TASK GOAL —
Could you copy the data that follows exactly as written, but drop the pictures?

EXERCISE MATERIAL —

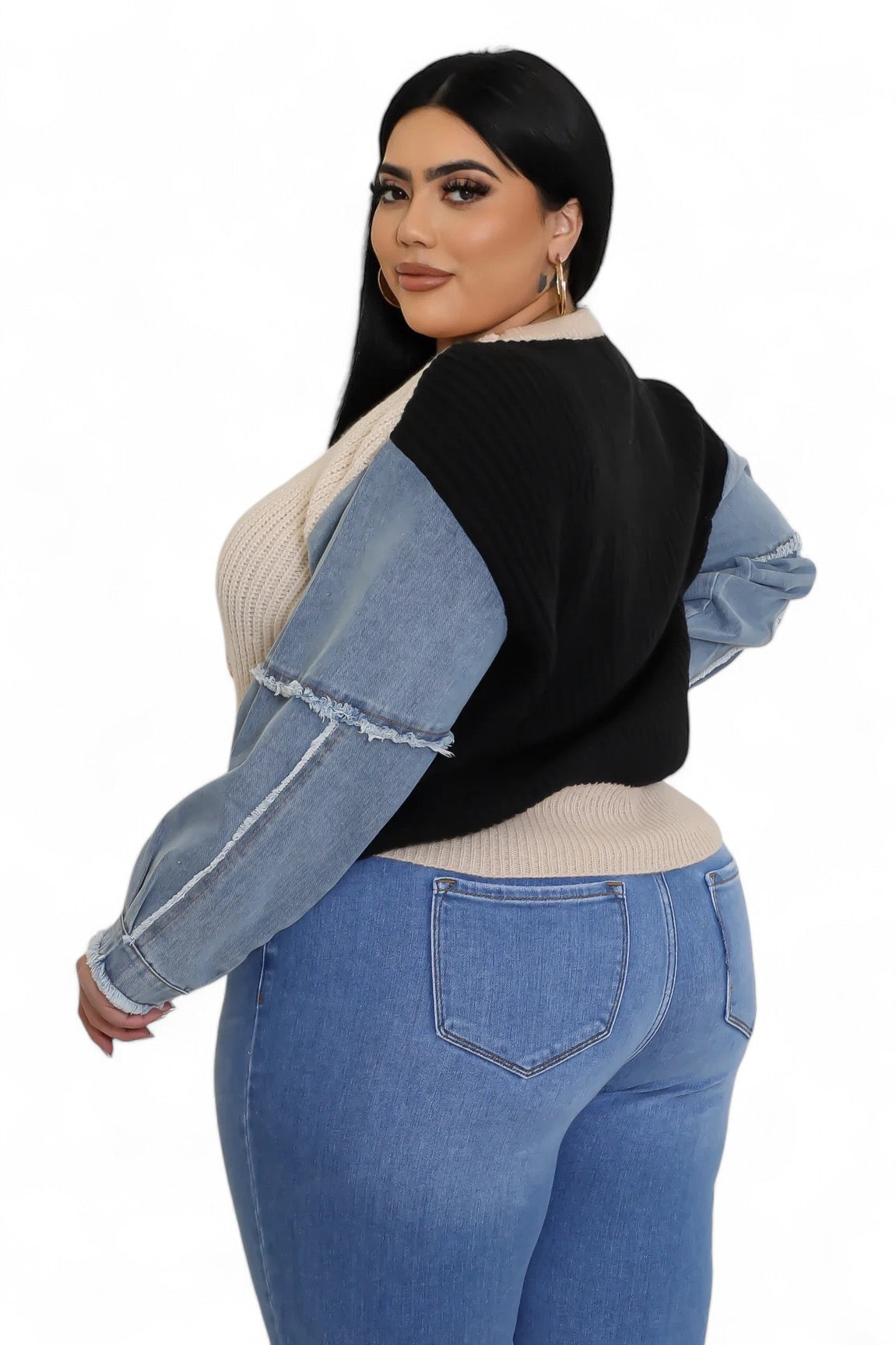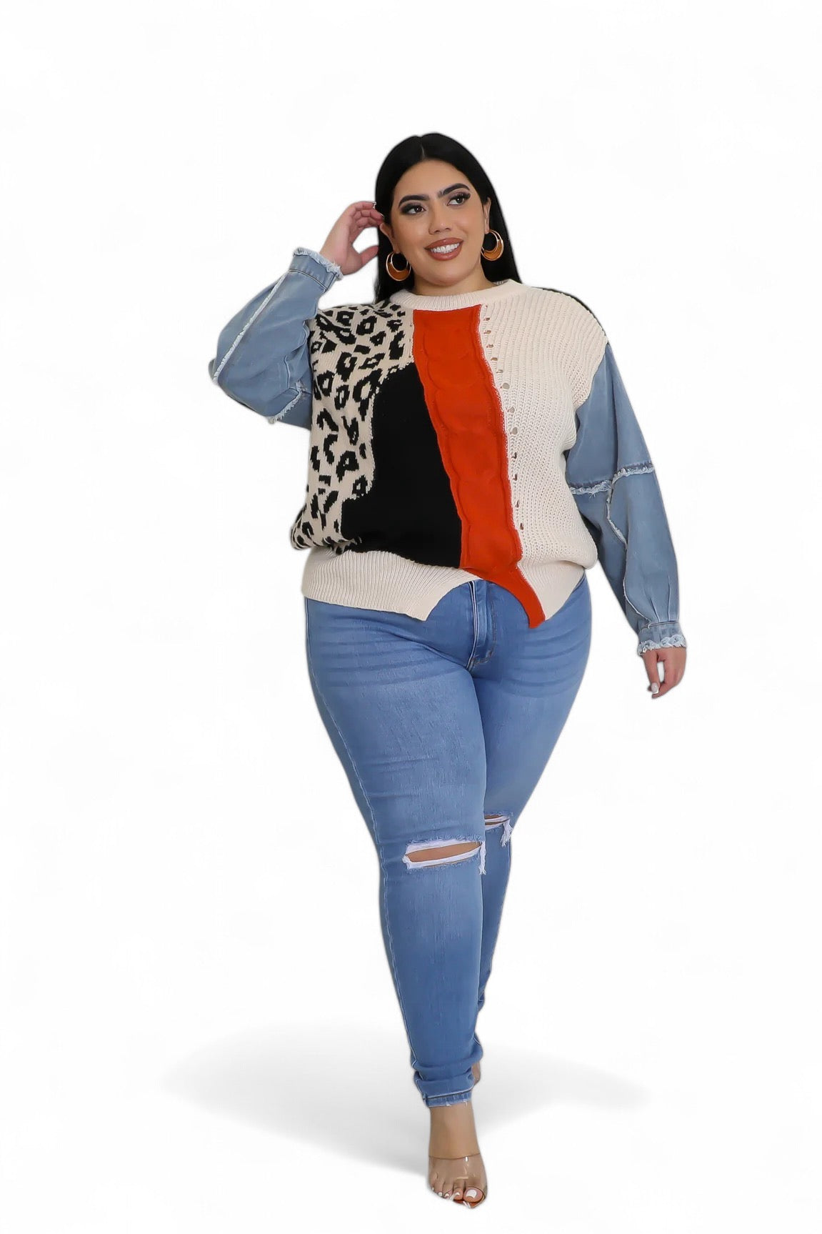 Curvy Leopard/Ivory/Rust/Black Denim Sleeve Sweater Top
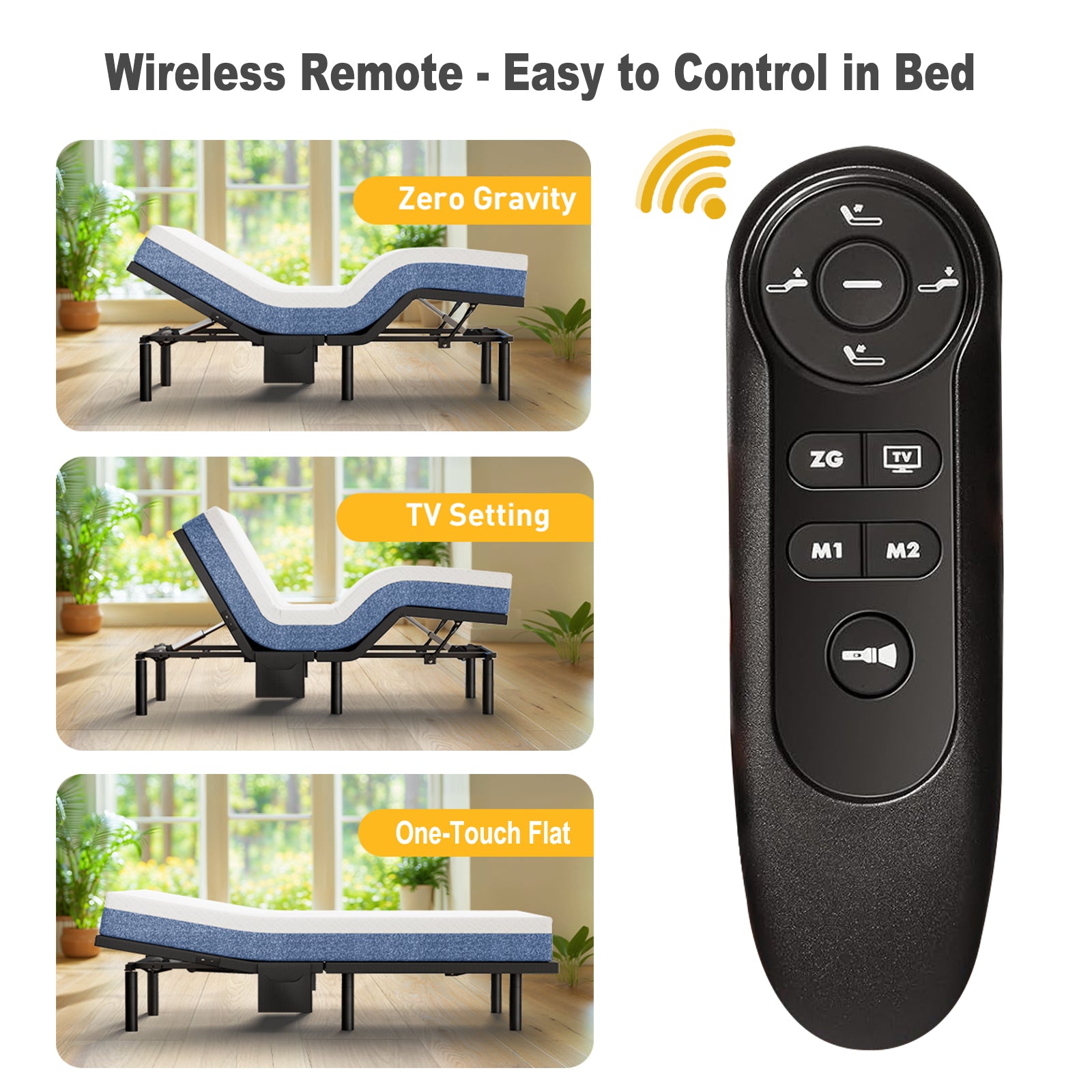 - 10-button Multifunctional Wireless Remote – Easy to Control in Bed:Master your perfect sleep position with effortless wireless control. Independently raise/lower the head & foot sections, activate zero-gravity mode, save two custom presets (M1/M2), instantly flatten the bed, optimize for TV viewing, and locate the remote via built-in flashlight—all through intuitive one-touch buttons.
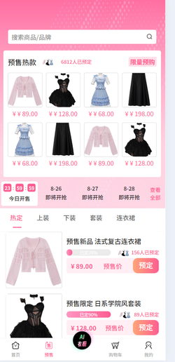 和大部分的电商购物app类似,其中的特点是有AI虚拟试穿功能,让用户能在购买前直观预览服饰的上身效果,有效降低了退货率并提升了购物满意度。有商品信息,预售商品,商品详情,试穿,立即购买,加入购物车,订单(待付款,待发货,已发货,退款等)等电商应用的功能
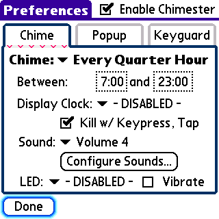 Chimester 1.8 [22k] Can be set to play a MIDI/WAV file, vibrate, or activate the LED on the hour or any 15 minute increment thereof. Find in Prefs > Other after installation. 📺 💾
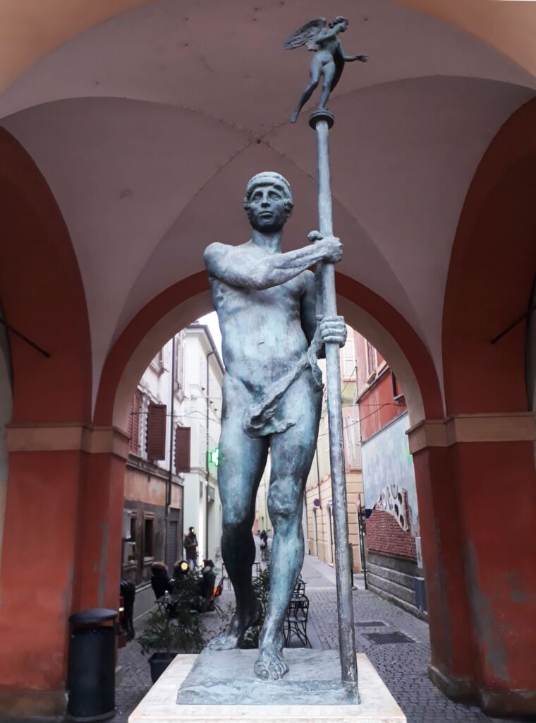 La statua è opera dello scultore Giuseppe Graziosi (Savignano sul Panaro 1879 - Firenze 1942). Egli fu docente nelle Accademie di Brera, di Napoli e dal 1926 di Firenze. Realizzò monumenti per varie altre città italiane ed estere (es. i monumenti ai Caduti di Novellara (RE), Savignano e San Cesario (MO).
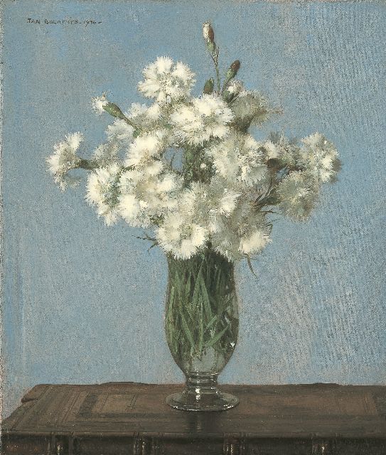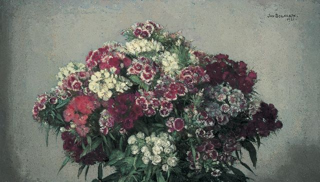 Jan Bogaerts | Anjers in glazen vaas, olieverf op doek, 35,2 x 30,2 cm, gesigneerd l.b. en gedateerd 1936
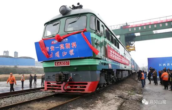 12月26日,我市在吉安火車站南站舉行“井岡山號”中歐班列(吉安—莫斯科)首發(fā)儀式。“嗚……”上午9時28分,隨著火車汽笛聲響起,吉安至莫斯科貨運列車緩緩向前、順利開行。
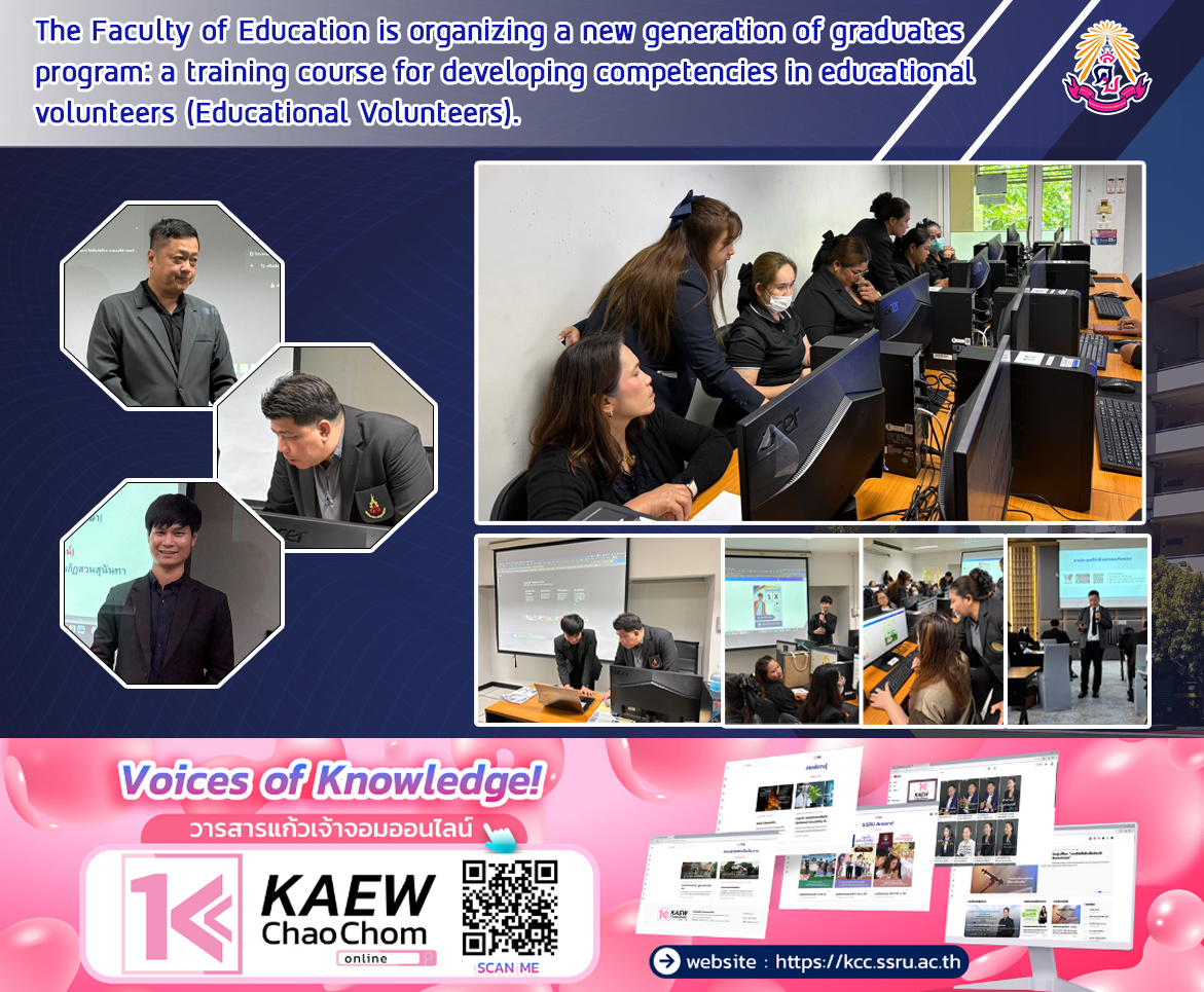 On January 17, 2026, the Faculty of Education, Suan Sunandha Rajabhat University, organized the New Generation Graduate Production Project: Volunteer Education Competency Development Course (Modules 2-3), supported by the Office of the Permanent Secretary, Ministry of Higher Education, Science, Research and Innovation, in collaboration with Suan Sunandha Rajabhat University. The project aimed to develop the skills of educational personnel and interested individuals in early childhood education and learning promotion. The event featured presentations by Dr. Chaiwat Jiwpanich, Head of the Innovation and Educational Technology Program; Assistant Professor Dr.Sinchai Poolklai; and Mr. Pasawut Cheerapakorn on the topic of "Using Technology in Media Production."
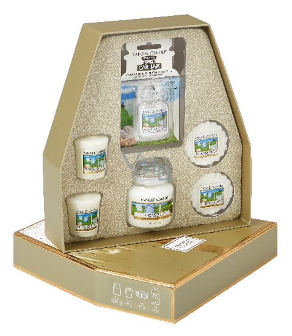 Yankee Candle Clean Cotton - Čistá bavlna vonná svíčka Classic malá sklo 1 x 104 g + vonná svíčka votivní 2 x 49 g + vonný vosk do aromalampy 2 x 22 g gelová vonná visačka do auta 1 x 30 g vánoční dárková sada
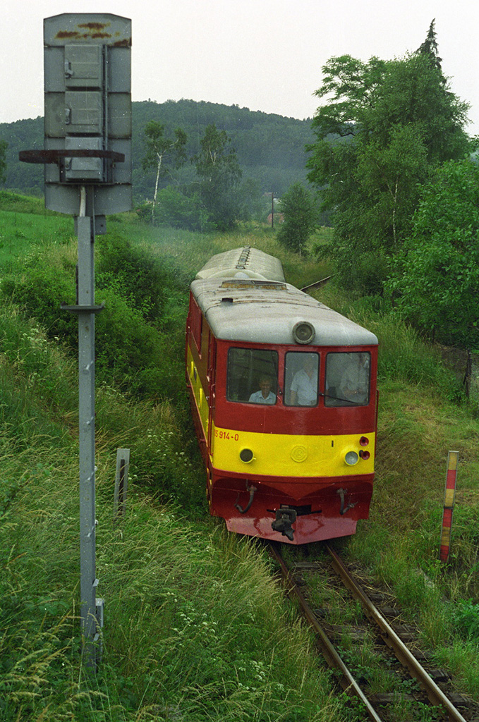 Osobní vlak s lokomotivou 705.914 (008) projíždí kolem vjezdového návěstidla do stanice Třemešná ve Slezsku

REPLY TO THE EXERCISE —
 Curvy Leopard/Ivory/Rust/Black Denim Sleeve Sweater Top
 - 10-button Multifunctional Wireless Remote – Easy to Control in Bed:Master your perfect sleep position with effortless wireless control. Independently raise/lower the head & foot sections, activate zero-gravity mode, save two custom presets (M1/M2), instantly flatten the bed, optimize for TV viewing, and locate the remote via built-in flashlight—all through intuitive one-touch buttons.
 和大部分的电商购物app类似,其中的特点是有AI虚拟试穿功能,让用户能在购买前直观预览服饰的上身效果,有效降低了退货率并提升了购物满意度。有商品信息,预售商品,商品详情,试穿,立即购买,加入购物车,订单(待付款,待发货,已发货,退款等)等电商应用的功能
 Chimester 1.8 [22k] Can be set to play a MIDI/WAV file, vibrate, or activate the LED on the hour or any 15 minute increment thereof. Find in Prefs > Other after installation. 📺 💾
 La statua è opera dello scultore Giuseppe Graziosi (Savignano sul Panaro 1879 - Firenze 1942). Egli fu docente nelle Accademie di Brera, di Napoli e dal 1926 di Firenze. Realizzò monumenti per varie altre città italiane ed estere (es. i monumenti ai Caduti di Novellara (RE), Savignano e San Cesario (MO).
 Jan Bogaerts | Anjers in glazen vaas, olieverf op doek, 35,2 x 30,2 cm, gesigneerd l.b. en gedateerd 1936
 12月26日,我市在吉安火車站南站舉行“井岡山號”中歐班列(吉安—莫斯科)首發(fā)儀式。“嗚……”上午9時28分,隨著火車汽笛聲響起,吉安至莫斯科貨運列車緩緩向前、順利開行。
 On January 17, 2026, the Faculty of Education, Suan Sunandha Rajabhat University, organized the New Generation Graduate Production Project: Volunteer Education Competency Development Course (Modules 2-3), supported by the Office of the Permanent Secretary, Ministry of Higher Education, Science, Research and Innovation, in collaboration with Suan Sunandha Rajabhat University. The project aimed to develop the skills of educational personnel and interested individuals in early childhood education and learning promotion. The event featured presentations by Dr. Chaiwat Jiwpanich, Head of the Innovation and Educational Technology Program; Assistant Professor Dr.Sinchai Poolklai; and Mr. Pasawut Cheerapakorn on the topic of "Using Technology in Media Production."
 Yankee Candle Clean Cotton - Čistá bavlna vonná svíčka Classic malá sklo 1 x 104 g + vonná svíčka votivní 2 x 49 g + vonný vosk do aromalampy 2 x 22 g gelová vonná visačka do auta 1 x 30 g vánoční dárková sada
 Osobní vlak s lokomotivou 705.914 (008) projíždí kolem vjezdového návěstidla do stanice Třemešná ve Slezsku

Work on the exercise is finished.